Leisure Bay is regarded as one of the many extensions of Port Edward including Glenmore, Munster and Palm Beach. The village can also been seen as a collective with the villages of Leisure Crest to the north and Ivy Beach to the south.

Lifestyle 
The village is a quiet one and remains unspoilt with most of it covered in subtropical vegetation due to the little development occurring in these villages between Port Edward and Margate. It is also popular with artists, and many of them live and work in the area due to the tranquil lifestyle of the village.

Tourism 
As the name implies, Leisure Bay acts very much as a holiday destination or a relaxation escape for tourists.

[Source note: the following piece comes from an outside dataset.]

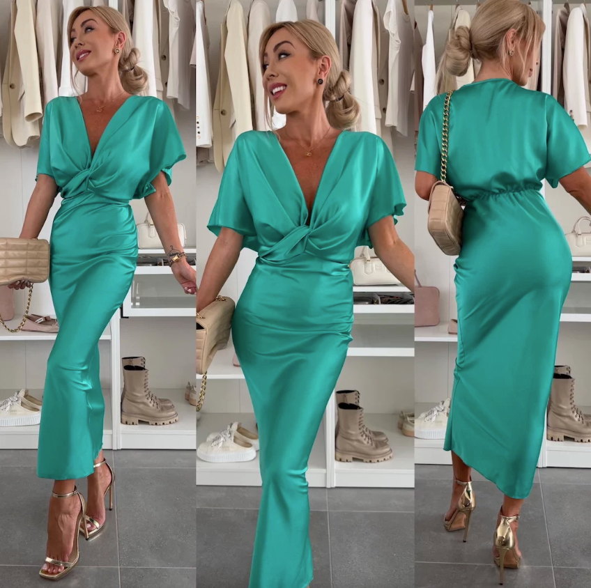 Il vestito nero in raso Whitney è un elegante abito lungo che unisce sensualità ed eleganza, perfetto per le serate fuori e le occasioni speciali. La profonda scollatura a busta enfatizza le forme femminili, mentre la torsione in vita aggiunge carattere. Tagliato in vita per una migliore vestibilità, le maniche corte e larghe assicurano comfort. Crea uno stile unico con questo abito che attirerà gli sguardi.

Leisure Bay has access to three shark-protected beaches Kidds Beach (not to be confused with Kidd's Beach in the Eastern Cape), T.O Beach and Ivy Beach which are patrolled by lifeguards during school holiday periods.

Transport 
Leisure Bay has no access to public transport and is therefore dependent on private transportation. It is accessed by the R61 which connects to Port Edward, Mbizana and Mthatha to the south and Port Shepstone, Margate and Durban (via the N2) to the north.

Leisure Bay Conservancy 
The Leisure Bay Conservancy includes the area from the Boboyi River in the south, the Thongazi River in the north, the Indian Ocean in the east and the R61 in the west and is registered with Ezemvelo KZN Wildlife and Conservation KZN since January 2012. The conservancy was formed to preserve the biodiversity in the natural environment of coastal and riverine forest, coastal bush, grasslands, help control the invasion of alien species, and promote the planting of indigenous vegetation in Leisure Bay. This successively assists in preserving wildlife in the area, including caracal, water mongoose, bushbuck, duiker, leopard and a wide range of bird and insect life.

This is one of 6 conservancies in the Port Edward/Southbroom area including part of a broader green belt that includes the Munster, Trafalgar, Mpenjati, Marina Beach and Umtamvuna conservancies.